In 9th IEEE International Workshop on Parallel and Distributed Scientific and Engineering Computing (PDSEC 2018), IEEE, May, 2018.
Figure 1: Uintah's asynchronous scheduler for Sunway TaihuLight. The main thread runs on Management Processing Element (MPE) of Sunway's SW26010 processor and asynchronously offloads kernels Computing Processing Elements(CPEs).
Abstract
The Sunway TaihuLight is the world’s fastest supercomputer at present, with a low power consumption per flop and a unique set of architectural features. Applications performance depends heavily on being able to adapt codes to make the best use of these features. Porting large codes to novel architectures such as Sunway is both time-consuming and expensive, as modifications throughout the code may be needed.
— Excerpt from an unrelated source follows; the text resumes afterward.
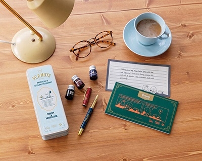 封入特典 | 万年筆 / インクボトル×3色 / 缶ケース / 一筆箋 |

One alternative to conventional porting is to consider an approach based upon Asynchronous Many Task (AMT) Runtimes such as the Uintah framework considered here. Uintah structures the problem as a series of tasks that are executed by the runtime via a task scheduler. The central challenge in porting a large AMT runtime like Uintah is thus to consider how to devise an appropriate scheduler and how to write tasks to take advantage of a particular architecture. It will be shown how an asynchronous Sunway-specific scheduler, based uponMPI and athreads, may be written and how individual task-code for a typical but model structured-grid fluid-flow problem needs to be refactored. Preliminary experiments show that it is possible to obtain a strong-scaling efficiency ranging from 31.7%to 96.1% for different problem sizes with full optimizations. The asynchronous scheduler developed here improves the overall performance over a synchronous alternative by at most 22.8%, and the fluid-flow simulation reaches 1.17% the theoretical peak of the running nodes. Conclusions are drawn for the porting of full-scale Uintah applications.
Figure 2: Performance comparison of (i) synchronous host only execution (host.sync), (ii) asynchronous execution with CPE offload (acc.async), and (iii) asynchronous execution with CPE offload and vectorization. Strong scaling across Compute Groups (CGs) is also clearly visible.